Chaetodipus penicillatus is a medium-sized pocket mouse. The total length of adults usually does not exceed 180 mm. Coloration is grayish brown to yellowish gray and may be sprinkled with black. The pelage is coarse. This species lacks rump spines but has numerous, elongate rump hairs which are darker dorsally and lighter laterally. There is no lateral line. The underparts of the body and tail are whitish. The tail is heavily crested and is longer than the head and body, with average tail length being 109 mm. The soles of the hind feet are whitish and average hind foot length is 25 mm.

==Geographic range and habitat==

Chaetodipus penicillatus occurs in the southwestern United States and northern Mexico.
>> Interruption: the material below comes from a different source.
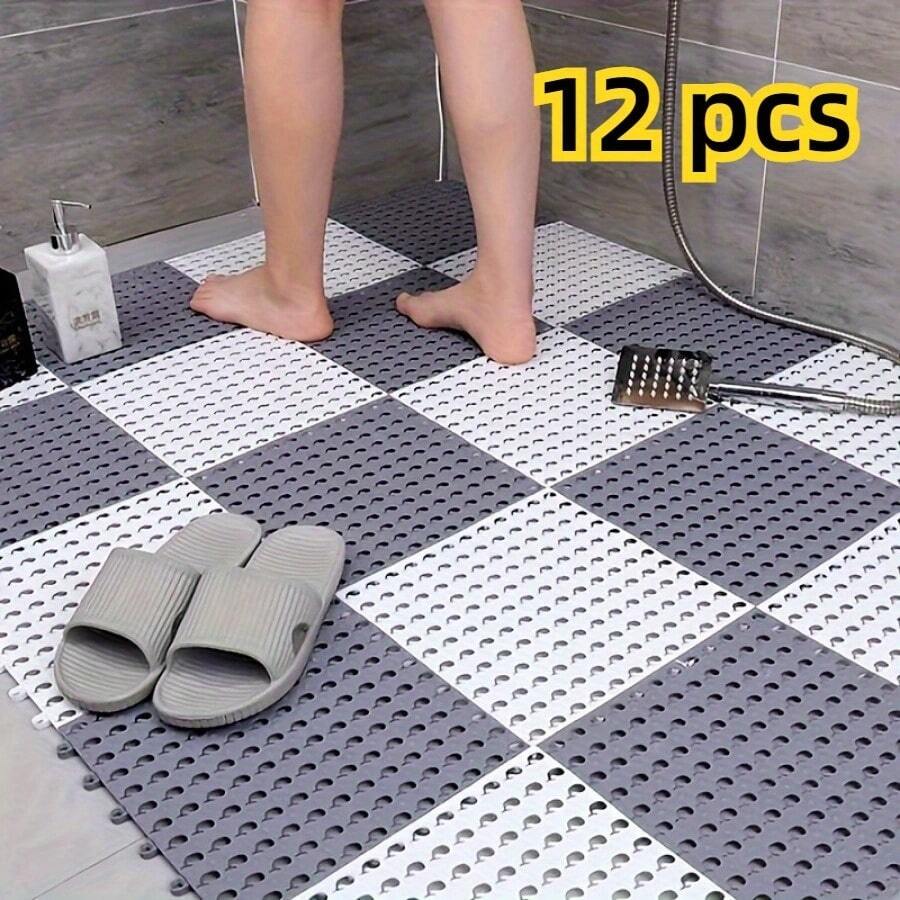 12 件套优质防滑浴室地垫套装 - 防水、防潮、易清洁,带排水孔,适用于家庭、酒店和餐厅 - 打造舒适沐浴体验的完美装饰。浴室防滑地垫,浴室淋浴房地垫

The northern limit of its range is southern Nevada. It extends southwest into California and the northern Baja Peninsula and northwestern Mexico. Eastward it stretches into the southwesternmost parts of Colorado. From southern Nevada and southwestern Colorado the range of C. penicillatus proceeds southeast into Arizona, through southern New Mexico and southwestern Texas, and into northeastern Mexico. The desert pocket mouse prefers various arid, open desert environments, usually where the vegetation is rather sparse. These may include desert wash, desert succulent shrub, desert scrub, and alkali desert scrub. It prefers soft alluvial, sandy, or silty soils along stream bottoms, desert washes, and valleys, rather than rocky terrain. These pocket mice live in soils that may be vegetated with creosote bush, palo verde, burroweed, mesquite, cholla and other cacti, and short, sparse grass, as well as in lower edges of alluvial fan with yucca, mesquite, grama, and prickly poppy.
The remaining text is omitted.